In this article, we’ll discuss the potential side effects of insulin that anyone taking it should know.
What is insulin and why do you need it?
First of all, let’s make sure we all understand what insulin is and why it is a crucial part of what keeps you healthy and alive. Without any, you will die. Without enough, you will get very sick and eventually die.
Insulin is a peptide hormone produced by the beta cells of the pancreas. It’s secreted when the “GLUT2 transporter” detects a change in the “serum glucose level.”
In other words, as your blood sugar starts to rise, your pancreas secretes more insulin to ensure that your blood sugar doesn’t get too high. The insulin takes the glucose in your bloodstream and carries it to cells throughout your entire body that uses it for energy.
Your pancreas also secretes a steady drip of insulin 24 hours a day to meet your “background” insulin needs. Your body needs insulin every hour of every day in order to maintain normal blood sugar levels and function properly.
Even your brain relies on a second-by-second delivery of glucose in order to function — without insulin, your brain cannot make use of the glucose sitting in your bloodstream.
Even if you eat zero sugar or zero grams of carbohydrates, your body still needs insulin to survive.
In people with type 1 diabetes
In a person with type 1 diabetes, your immune system begins attacking and destroying most or all of your beta cells. Every day, your body is trying to produce insulin via the beta cells from your pancreas. And every day, your immune system continues to destroy them.
When a person develops type 1 diabetes, they generally become very sick very quickly — over the course of a few weeks or months — as blood sugar levels rise to life-threatening levels.
People with type 1 diabetes must take insulin every single day either via an insulin pump or pod or via multiple daily injections with a syringe or insulin pen. Skipping an injection or a whole day of insulin could potentially be fatal.
In people with type 2 diabetes
In a person with type 2 diabetes, the body is either struggling to produce healthy beta cells, or the body is struggling with severe insulin resistance, making it difficult to maintain normal blood sugar levels.
The development of type 2 diabetes usually occurs over the course of months and years, first presenting as prediabetes until blood sugar levels are high enough to qualify as type 2 diabetes.
Some people with type 2 diabetes can improve (or “reverse”) their blood sugars through changes in their nutrition, exercise, and weight.
However, many patients with type 2 diabetes are struggling to produce healthy beta cells which means they will need some type of medication to bring blood sugars down to a healthy level.
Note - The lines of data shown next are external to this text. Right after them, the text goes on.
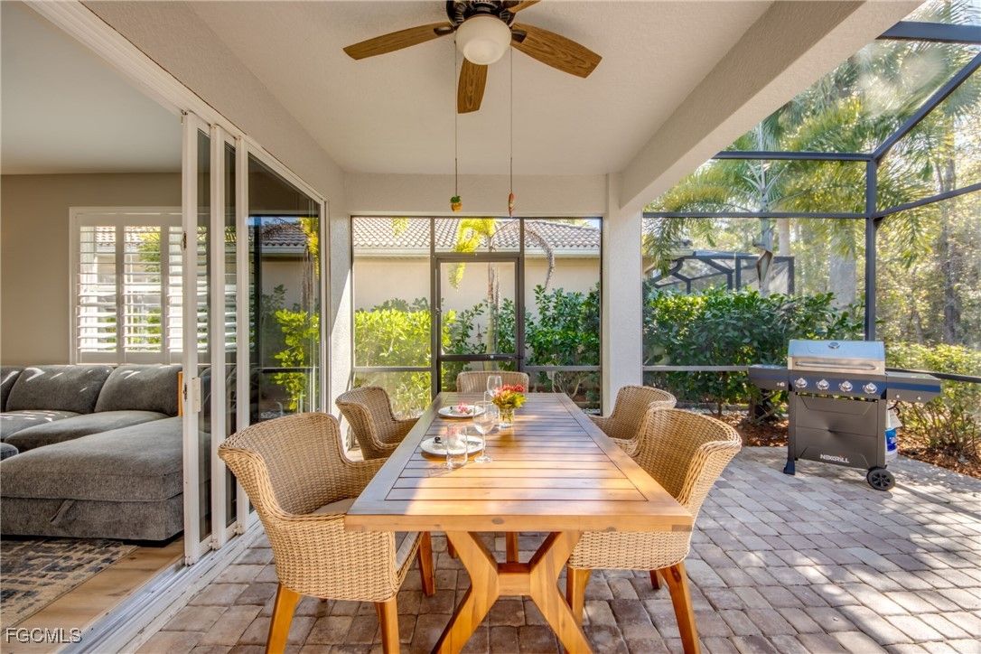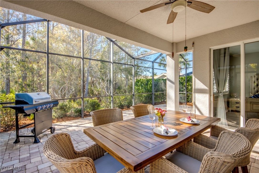 Welcome to 10600 Tirano Way in Pelican Preserve, a beautifully maintained 2-bedroom, 2-bath home offering comfort, privacy, and exceptional indoor-outdoor living. The open layout is filled with natural light and features a well-designed kitchen and living area ideal for everyday enjoyment or entertaining. The primary suite includes generous closet space and an en-suite bath, while the guest bedroom and bath provide a welcoming retreat for visitors. One of the standout features of this home is the expansive outdoor paver lanai. A spacious under-truss seating area creates a perfect shaded spot for relaxing, while the large screened extension offers endless possibilities, including space for an outdoor kitchen or additional seating and dining. The lanai overlooks a serene wooded preserve, creating a peaceful and private backdrop that feels truly sublime. Additional features include an attached garage and low-maintenance living within Pelican Preserve, an award-winning 55+ community known for its resort-style amenities, including pools, fitness, dining, pickleball, tennis, walking trails, and more. This home blends comfort, lifestyle, and natural beauty, ready for its next owner to enjoy.
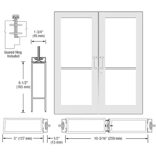 CRL-U.S. Aluminum DC52852 White KYNAR Paint Custom Pair Series 550 Wide Stile Geared Hinge Entrance Doors for Surface Mount Door Closers
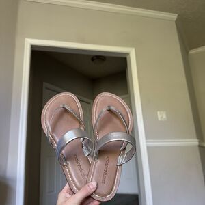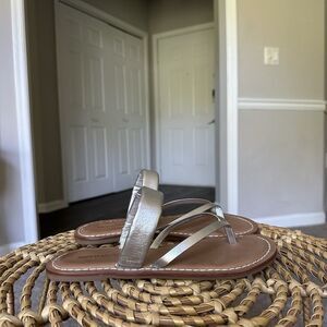 Bernardo Leia Metallic Leather Thong Sandals Womens 7 Silver Shoe
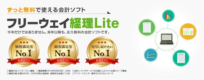 フリーウェイ経理Liteは永久に無料でご利用いただける会計ソフトです。
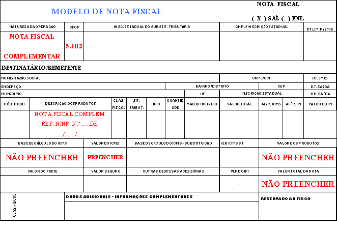 1.36 – NOTA FISCAL COMPLEMENTAR

For many, the best option may be insulin injections via a syringe or pen.
Common side effects of insulin
Keep in mind that most of the side effects of insulin are actually the result of inaccurate doses and improper injection practices. When taken with great care and careful management, insulin is a critical part of what keeps you alive and healthy.
Low blood sugar
While the human body needs insulin to stay alive, too much can lead to low blood sugars (also known as “hypoglycemia”). Even one unit too much can lead to uncomfortable and dangerous symptoms
Symptoms of low blood sugar include:
- Feeling shaky
- Being nervous or anxious
- Sweating, chills, and clamminess
- Irritability or impatience
- Confusion
- Fast heartbeat
- Feeling lightheaded or dizzy
- Hunger
- Nausea
- Color draining from the skin (pallor)
- Feeling Sleepy
- Feeling weak or having no energy
- Blurred/impaired vision
- Tingling or numbness in the lips, tongue, or cheeks
- Headaches
- Coordination problems, clumsiness
- Nightmares or crying out during sleep
- Seizures
Read more on how to treat low blood sugars.
Lipohypertrophy
Lipohypertrophy is a common side effect of long-term insulin injections or insulin pump infusion sites.
Lipohypertrophy is essentially a swollen lump of fatty tissue at the site of frequent injections. Insulin can actually cause the size of fat cells near frequent injection sites to increase.
Scar tissue also usually develops at these locations because both are the result of frequent insulin injections.
In earlier years, when only human insulin was available, lipoatrophy was a similar issue of taking insulin but has since disappeared because human insulin is no longer used by most people.
Using a device to “roll” the tissue most commonly used for injections can help to prevent and break down lipohypertrophy lumps, but for those taking insulin every day, these lumps are inevitable to some degree.
The best thing you can do to minimize the development of lipohypertrophy is to consistently rotate where you inject insulin. Using the same location of your body over and over is going to create lumps from lipohypertrophy and scar tissue.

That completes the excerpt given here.